In a constructive, unfair dismissal situation, the employee essentially resigns in response to the employer's repudiatory breach of their employment contract and the employee is entitled to treat themselves as dismissed as a consequence and then essentially all of the contractual obligations under the employee's employment contract essentially fall away. Then the effect of this is that an employer cannot force any of the post-termination restrictions contained in the employee's contract of employment against the former employee and any other terms, that are intended to survive termination, essentially can't survive termination.  

So it's really important that employers tread carefully and don't unwittingly commit a repudiatory breach of an employee's employment contract, because essentially it means that they're going to have a real difficulty in protecting their confidential information post termination of that employee's employment. 

And finally, are there any business implications for an employer who fails to protect their confidential information?

Caroline: The issue that we can sometimes see with companies that come to us is that they haven't taken steps to put in contracts of employment or they haven't put in any other protection, protective measures, which Juliette has mentioned to highlight what is confidential, what information do they want to protect from the outside world and protect from their competitors and those kind of situations?  

It can be very difficult to protect the use of confidential information by individuals after they leave employment.
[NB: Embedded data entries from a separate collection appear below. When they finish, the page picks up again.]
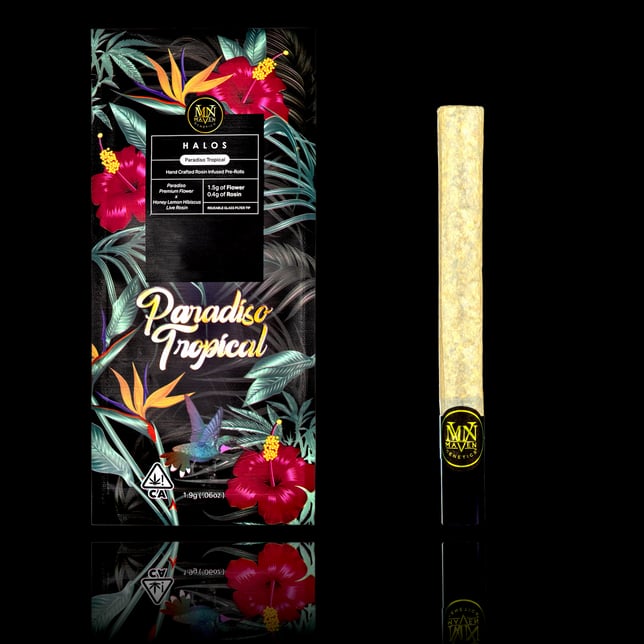 The Paradiso Tropical Halo is a dreamy blend of our fragrant, exotic Paradiso flower with our bittersweet, refreshing Honey Lemon Hibiscus Live Rosin. A light floral note greets you upon inhalation, while the slow burn of the concentrate adds layers of fruit and assorted citrus, culminating in an airy, honeyed exhale that evokes the flavors of island life - transporting you on a one-way ticket to tropical paradise. Halos are a refined and indulgent smoking experience meant to be savored slowly.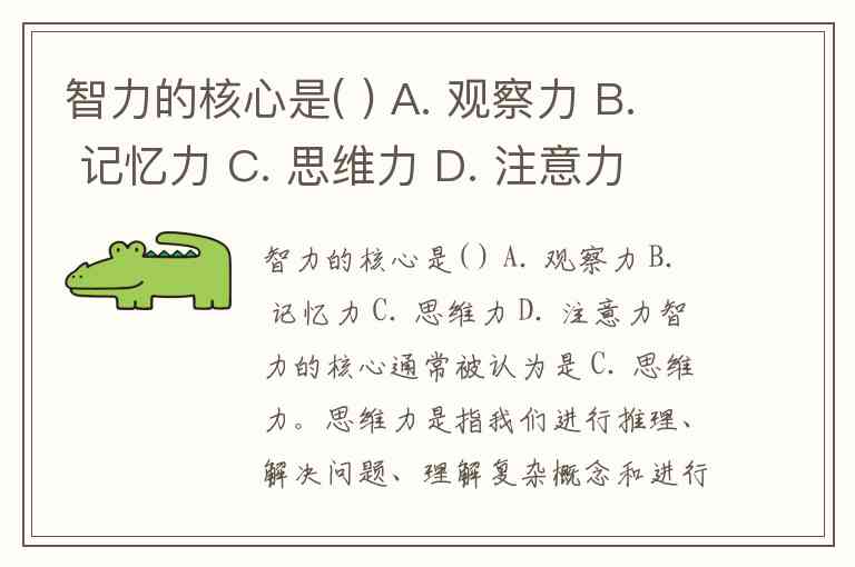 智力的核心是( ) A. 观察力 B. 记忆力 C. 思维力 D. 注意力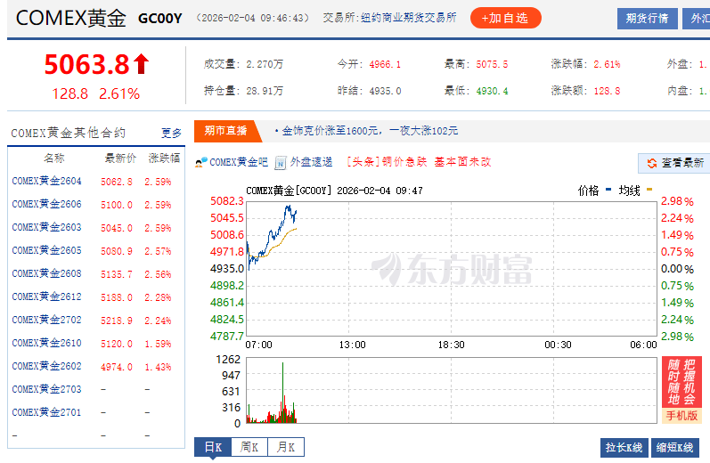 2月4日早盤,現貨黃金開盤直線拉昇,重新站上5000美元/盎司,最新報5039.79美元/盎司,漲近1.9%。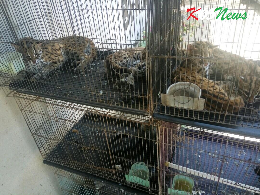 Barang bukti yang diamankan antara lain, 4 ekor Kucing hutan yang terdiri dari 2 ekor kucing jantan dan 2 ekor kucing betina dan 2 buah kandang kucing.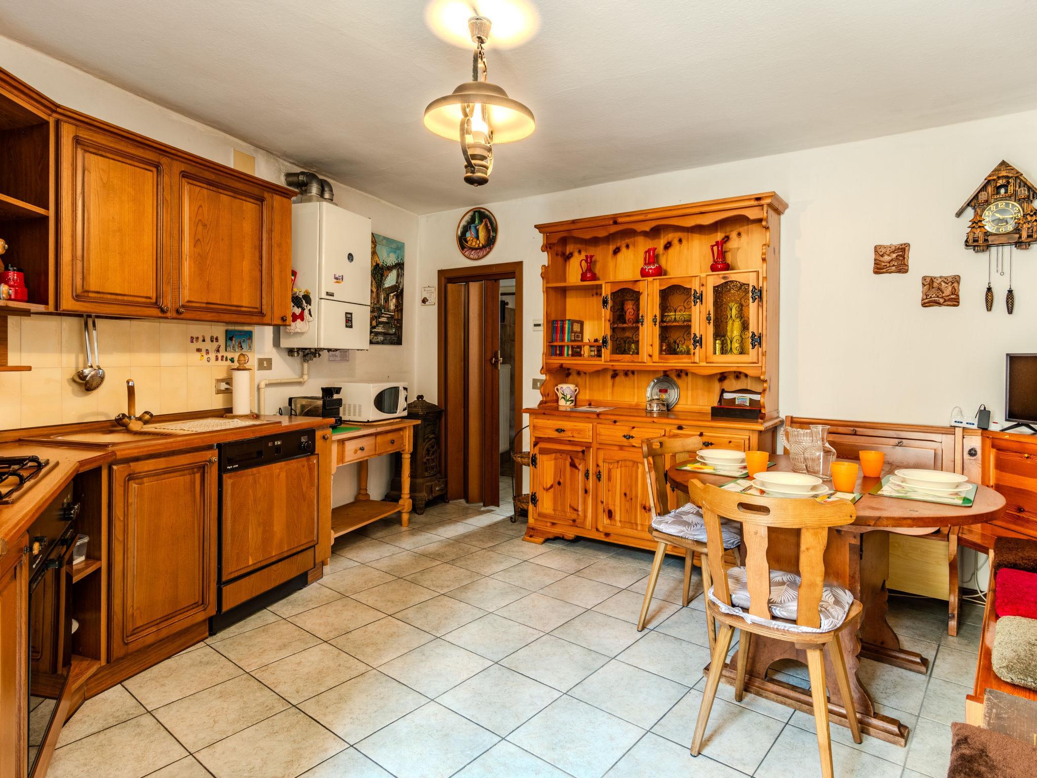 "Casa Vista Cascata", 3-room apartment 55 m2 on 1st floor. Simple and rustic furnishings: dining room with dining table. 1 double bedroom with panoramic window. 1 room with 1 bed (80 cm, length 190 cm). Exit to the balcony. Kitchen-/living room (oven, Gas stove, 4 gas rings, microwave, freezer) with dining nook and TV. Shower/bidet/WC. Gas heating. Heating available only from 15.10. to 15.04. Parquet floors, natural stone floors. Small balcony. Balcony furniture. Very beautiful view of the lake, the mountains and the resort. Facilities: washing machine. Please note: non-smokers only, no parking. IT013161C28456Q8W5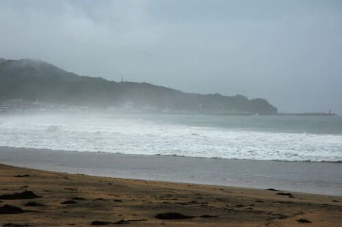 14:00の房総の海です。 いまのところ想像していたほど波はあがってません。 雨は夜明け前から降り続いています。 雨量はまだ僅かです。

So while employees can be your greatest assets, sometimes they can be your biggest risk. We often ask employers to imagine if your best sales people or technical staff or innovators left to set up to set up a new business and competition or to go to your biggest competitor for imagine what damage they could do. If you haven't taken steps in advance to ensure that your confidential information and trade secrets are protected when they leave. The business needs to consider in advance what they actually consider is confidential and informal. Confidential information and trade secrets, what information they want to protect and ensure that other people cannot obtain the benefit of. Because quite often this confidential information, if it's a formula or a process or client lists, these are things which have taken, you know, years or even decades to perfect and you don't want to just give that to an employee and allow them to take that to a new employer and obtain the benefit of them.  

So from our perspective there can be a huge amount of damage done by departing employees who take confidential information. If employers haven't set up the right systems to make sure that employees know that this is confidential, that it's not meant to be supplied with the outside world or to new employers and also set up the contractual regime. Just make sure that it's clear in the contract that they have the contract signed and kept, so that there is a clear regime for dealing with these matters. If the employee decides to leave in the future, then it's very clear there's a line in the sand as to who owns what and as an employer, you can say, “this is my information. The confidential information is as much our property as our laptops or mobile phones or other devices. This is our confidential information and you have to return it and you cannot use it after you leave”. 

That's a good point well made. Caroline and Juliette, thank you very much for your time.